Medora de Vallombrosa, Marquise de Morès (née von Hoffmann) (August 21, 1856 – 1921), was an American heiress who married the Marquis de Mores.

Early life
Medora was the daughter of Louis A. von Hoffman, a wealthy New York banker who was  one of the founders of the Knickerbocker Club, and his wife, Athenais (née Grymes) von Hoffman (1832–1897), whose family had been prominent in Virginia and Louisiana. Her younger sister, Pauline Grymes, was married to the wealthy German industrialist Baron Ferdinand von Stumm whose family owned the Neunkirchen Iron and Steelworks in 1878.

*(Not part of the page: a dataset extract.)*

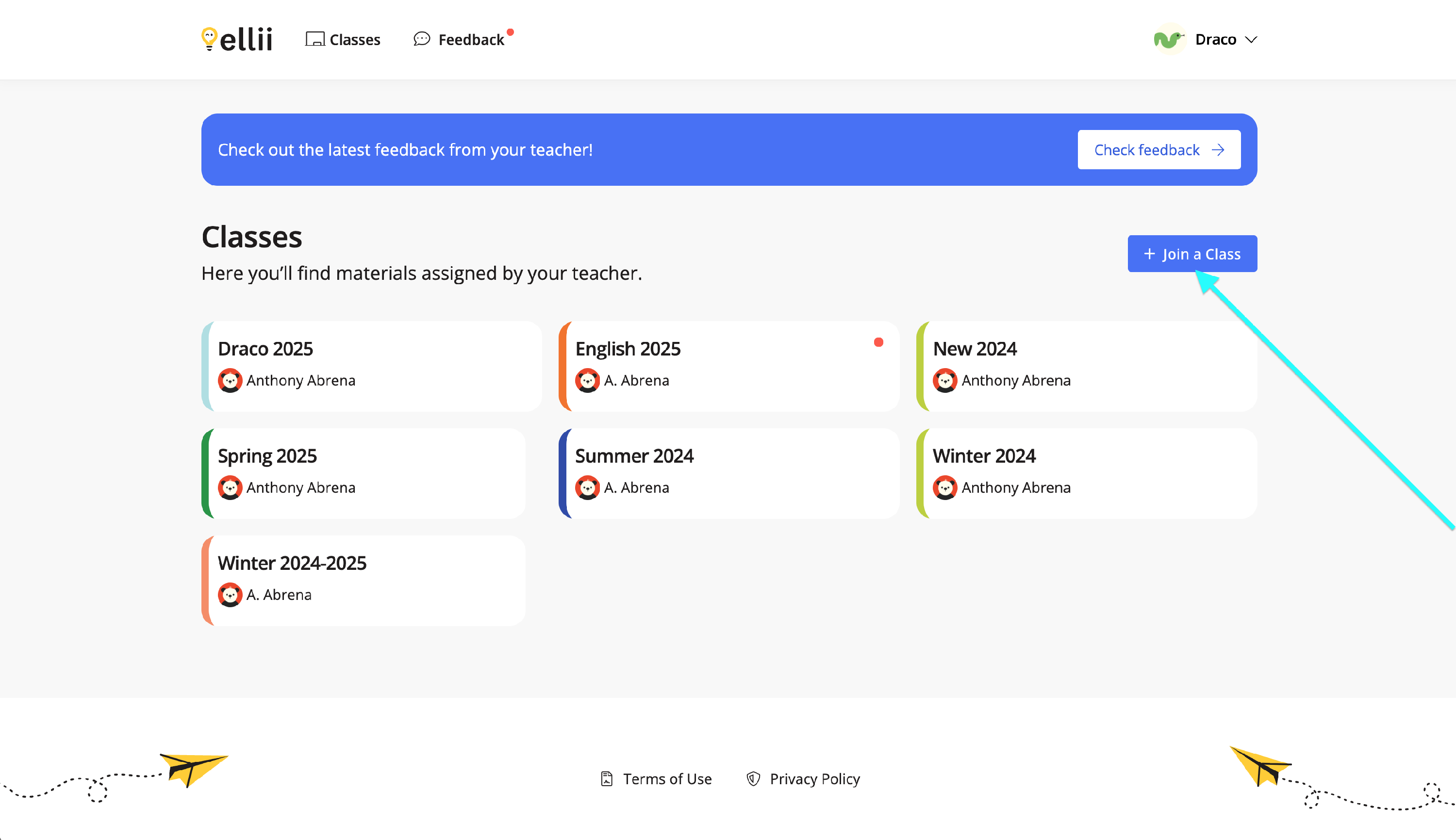 Once inside a class, you will find the Class Code on the top right by the class name.

Her maternal grandfather was John Randolph Grymes, the former U.S. Attorney for Western District of Louisiana under President James Madison. Her aunt, and namesake, Medora, was the second wife of banker and lobbyist Samuel Ward. Her uncle, Dr. C. Alfred Grymes, was married to Emma Stebbins (a daughter of U.S. Representative Henry George Stebbins), and, after her death, Mary Helen James (a granddaughter of Federal Vanderburgh and cousin of psychologist William James, author Henry James, and diarist Alice James).

Personal life
In 1882, Medora was married to Antoine Amédée-Marie-Vincent Amot Manca de Vallombrosa, the Marquis de Morès, a French-born nobleman who was a frontier ranchman in the Badlands of Dakota Territory. Before his assassination in 1896, they were the parents of three children, a daughter and two sons:

 Athenais Amot Manca (1883–1969), who married French Ambassador Louis M. Henry Pichon, Baron Pichon (1873–1933), at age 17. In 1929, Athenais married Baron de Graffenried; he died in 1936. She then married Henry Guerracina and moved to Argentina during World War II; returning to France in 1950, where she died in 1969.
 Louis Richard Amot Manca, Duke de Vallombrosa (1885–1959), who grew up in France and was educated at Yale University; he became a banker until 1936 when he retired and moved to Switzerland; he married Marie-Thérèse du Bourg de Bozas at Saint-Pierre-de-Chaillot Church, in October 1917.
 Count Paul Amot Manca de Morès de Vallombrosa (1890–1950), a Harvard graduate who became a banker with the Bankers Trust in Paris before becoming a partner in the Paris brokerage house of Saint Phalle & Co.; he married Ruth (née Obre) Goldbeck, widow of Walter Dean Goldbeck, an American portrait painter, and sister of Arthur Obre, in 1928. They divorced in 1935 and she married race car driver André Dubonnet in 1937.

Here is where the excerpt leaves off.